# Exercise details:
Copy only those lines which run from the line containing "de su capacidad." to the end of the entries below, both inclusive, exactly as written and with no pictures.

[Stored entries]

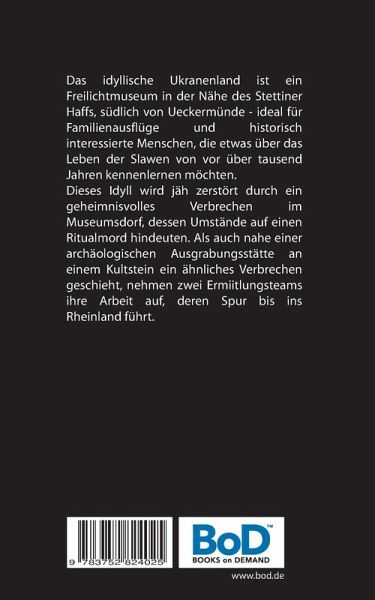 Das idyllische Ukranenland ist ein Freilichtmuseum in der Nähe des Stettiner Haffs, südlich von Ueckermünde - ideal für Familienausflüge und historisch interessierte Menschen, die etwas über das Leben der Slawen von vor über tausend Jahren kennenlernen möchten.Dieses Idyll wird jäh zerstört durch ein geheimnisvolles Verbrechen im Museumsdorf, dessen Umstände auf einen Ritualmord hindeuten. Als auch nahe einer archäologischen Ausgrabungsstätte an einem Kultstein ein ähnliches Verbrechen geschieht, nehmen zwei Ermittlungsteams ihre Arbeit auf, deren Spur bis ins Rheinland führt.
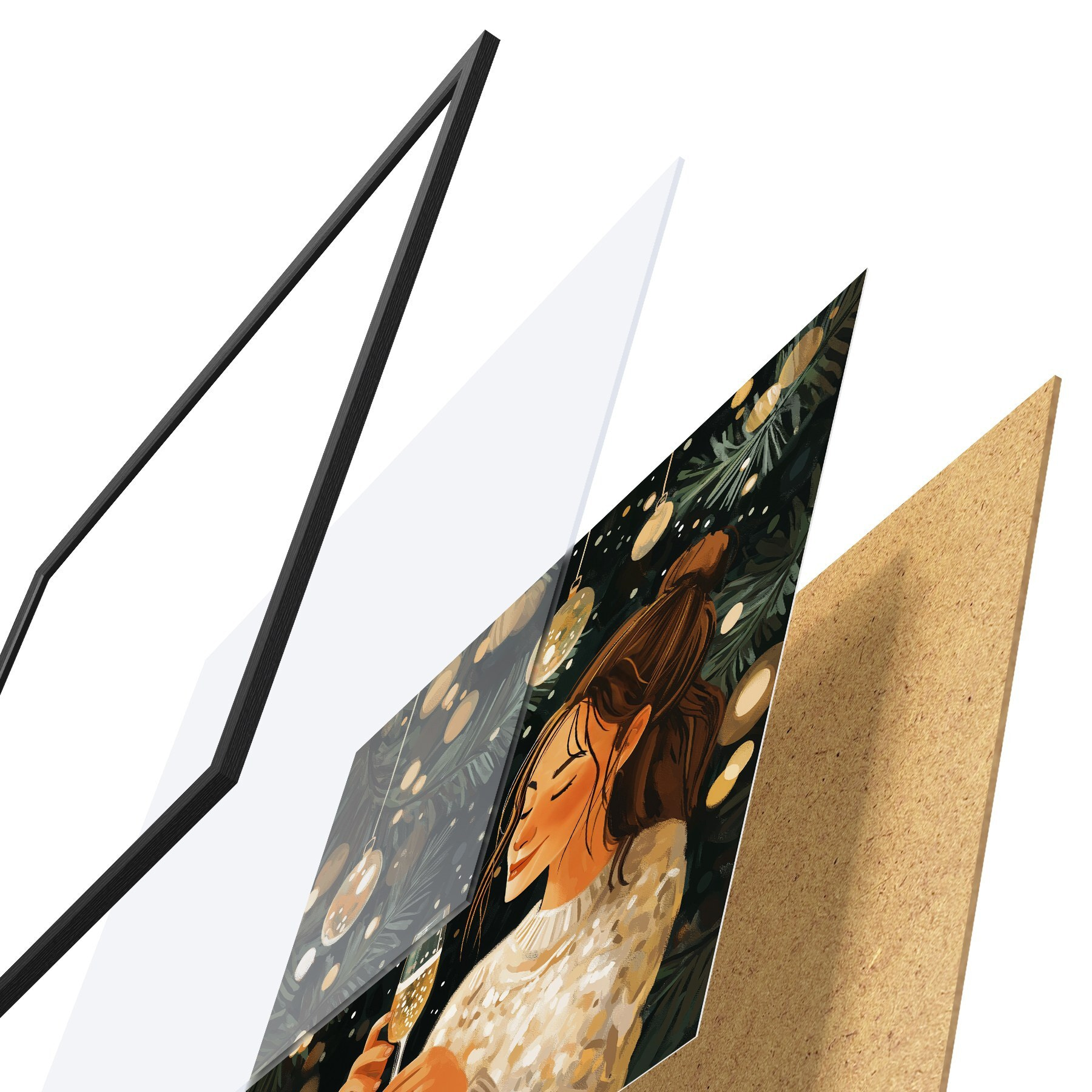 Le poster se compose d'un cadre, d'un plexiglas, d'une image imprimée et d'un support en aggloméré. Le poster peut être immédiatement accroché au mur grâce aux fixations au dos.
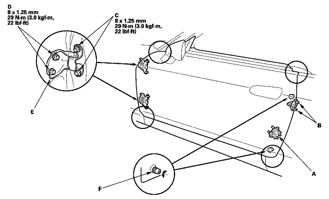 3. If necessary, replace the door mounting bolts (C) and hinge mounting bolts (D) with adjusting bolts (P/N 90101-SZ3-000) made specifically for door adjustment.
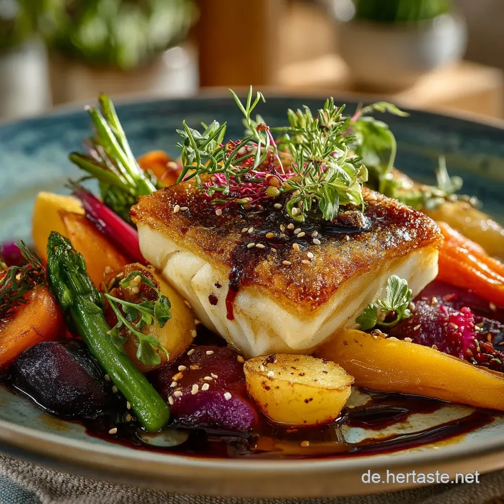 Wir nehmen den festen, weißen Kabeljau und betten ihn in ein Bett aus Gemüse, das durch mediterrane Würze zum Leben erweckt wird. Es ist diese Kombination, die unser Gericht von einem einfachen Fischgericht zu einem echten Erlebnis macht.
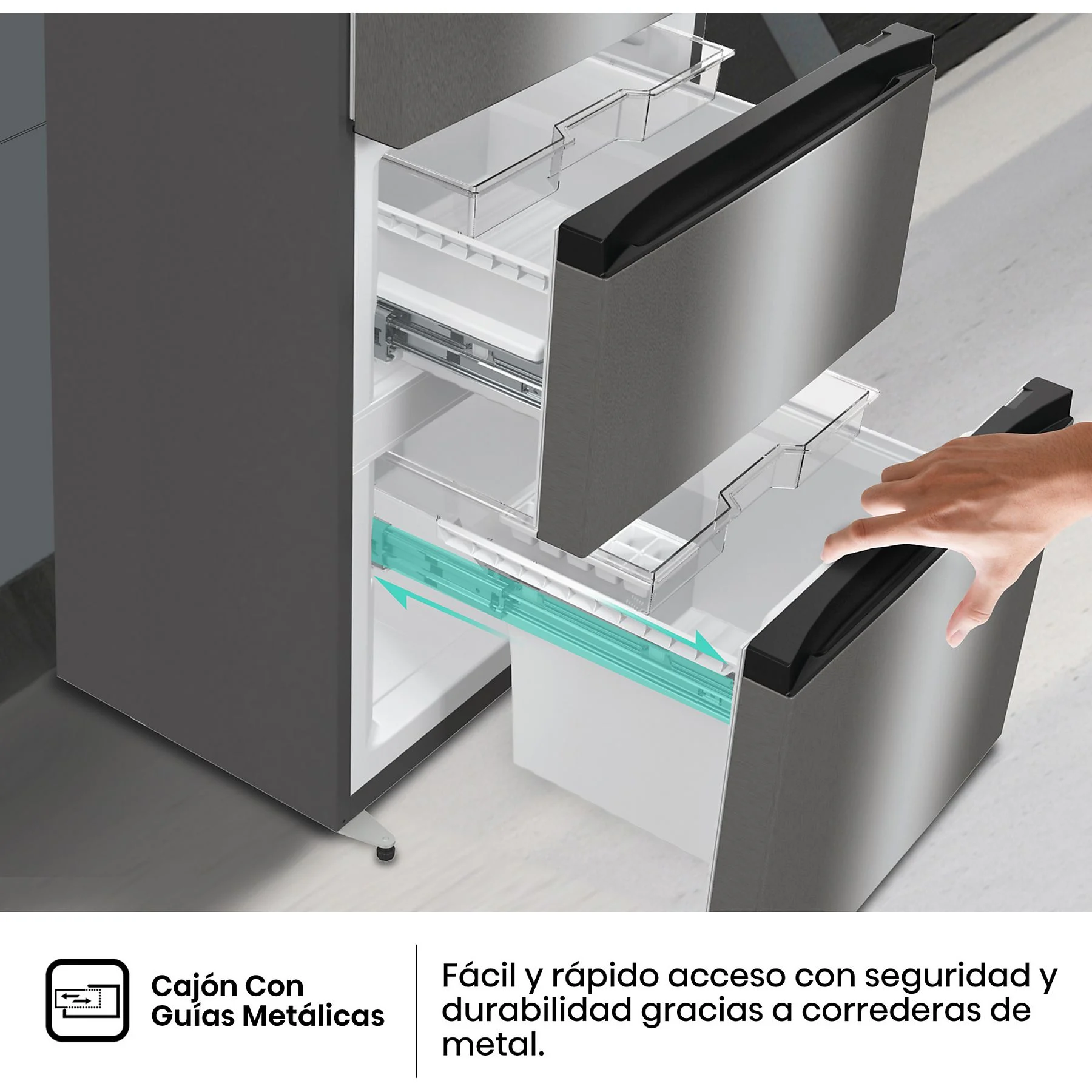 • Guías Metálicas: Los cajones están equipados con correderas de metal de alta durabilidad que garantizan un deslizamiento suave, rápido y seguro, incluso cuando están al máximo de su capacidad.
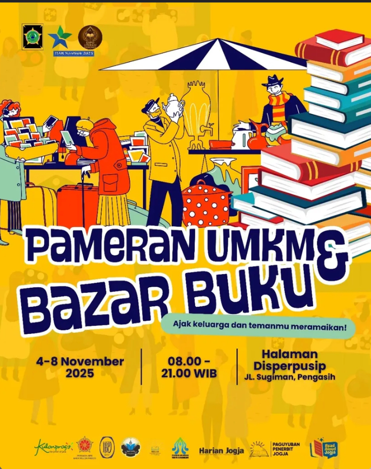 Hai kalian yang pecinta buku kali ini ada informasi menarik nihh, bazar buku dan pameran umkm akan hadir di halaman diperpusip Kulon Progo
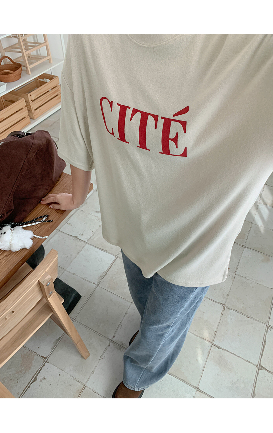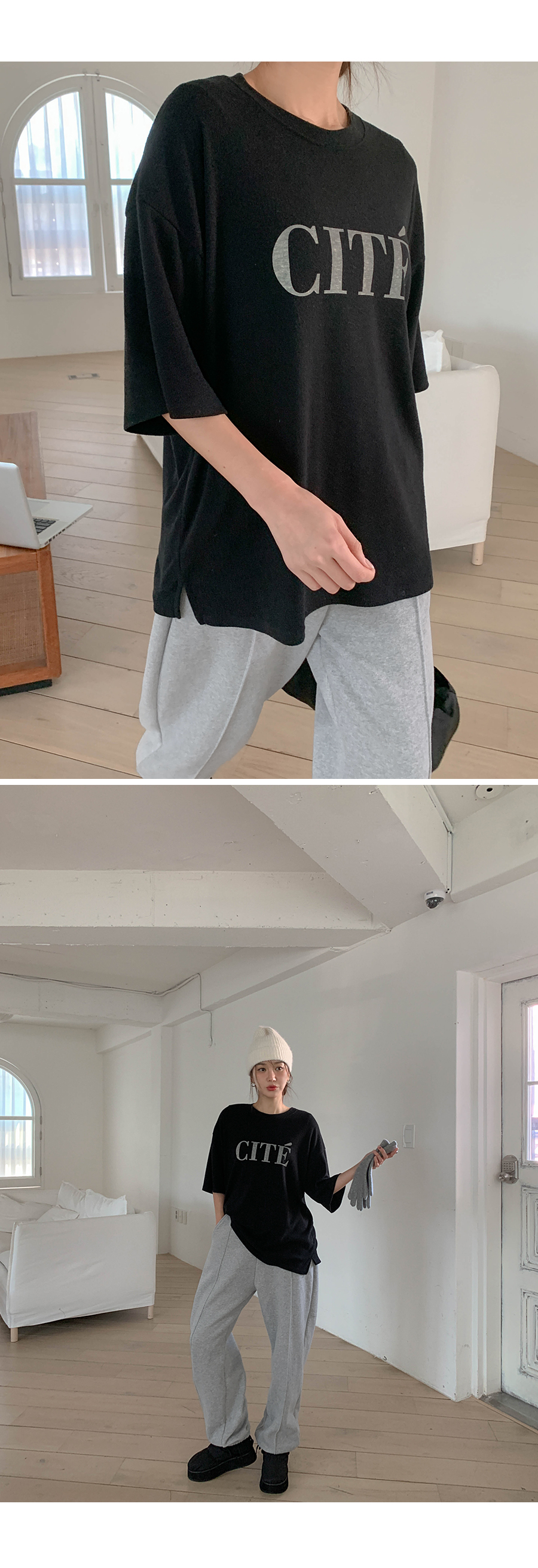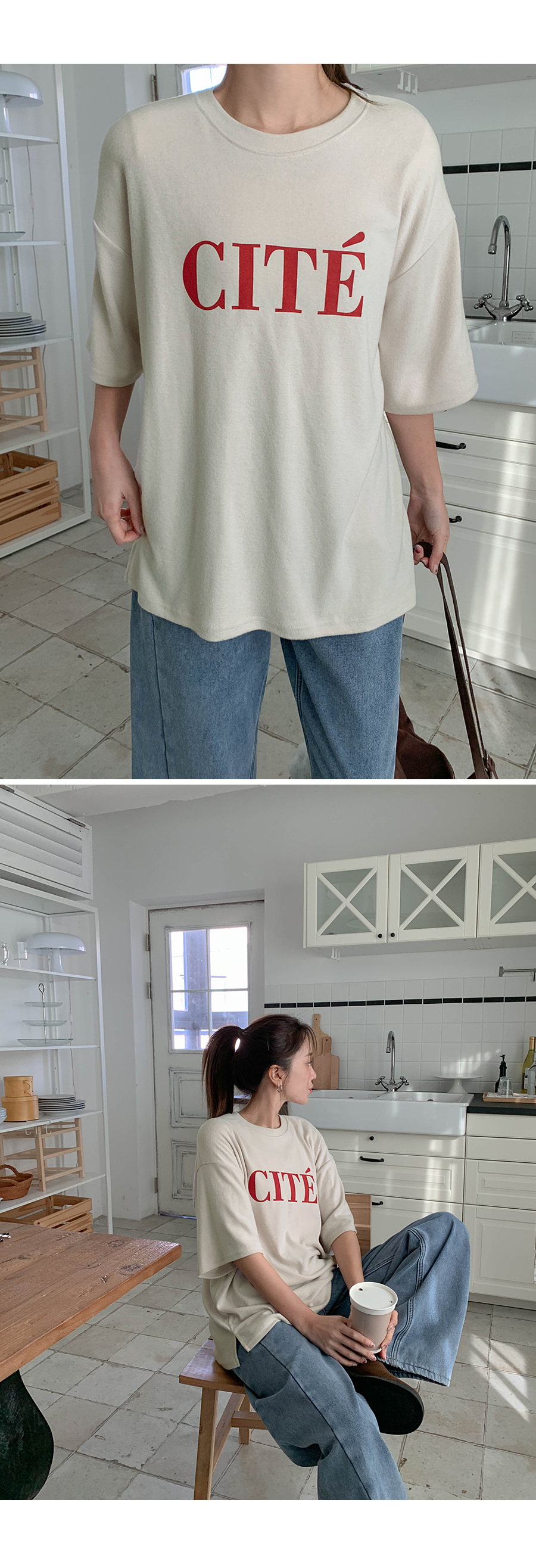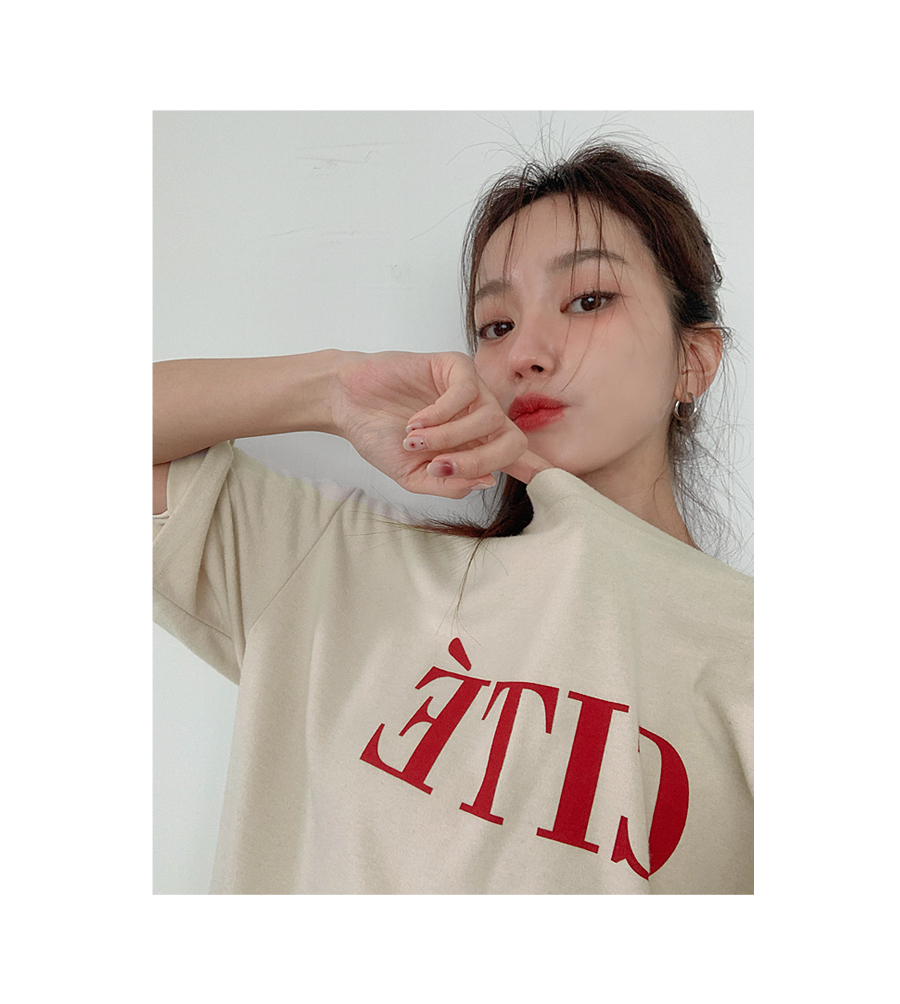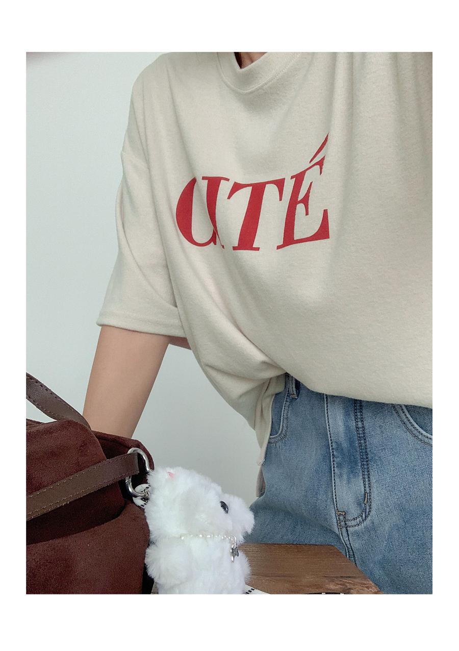 Touched-up, dyed outer fabric, short sleeves T-shirt

# Finished task:
 • Guías Metálicas: Los cajones están equipados con correderas de metal de alta durabilidad que garantizan un deslizamiento suave, rápido y seguro, incluso cuando están al máximo de su capacidad.
 Hai kalian yang pecinta buku kali ini ada informasi menarik nihh, bazar buku dan pameran umkm akan hadir di halaman diperpusip Kulon Progo
 Touched-up, dyed outer fabric, short sleeves T-shirt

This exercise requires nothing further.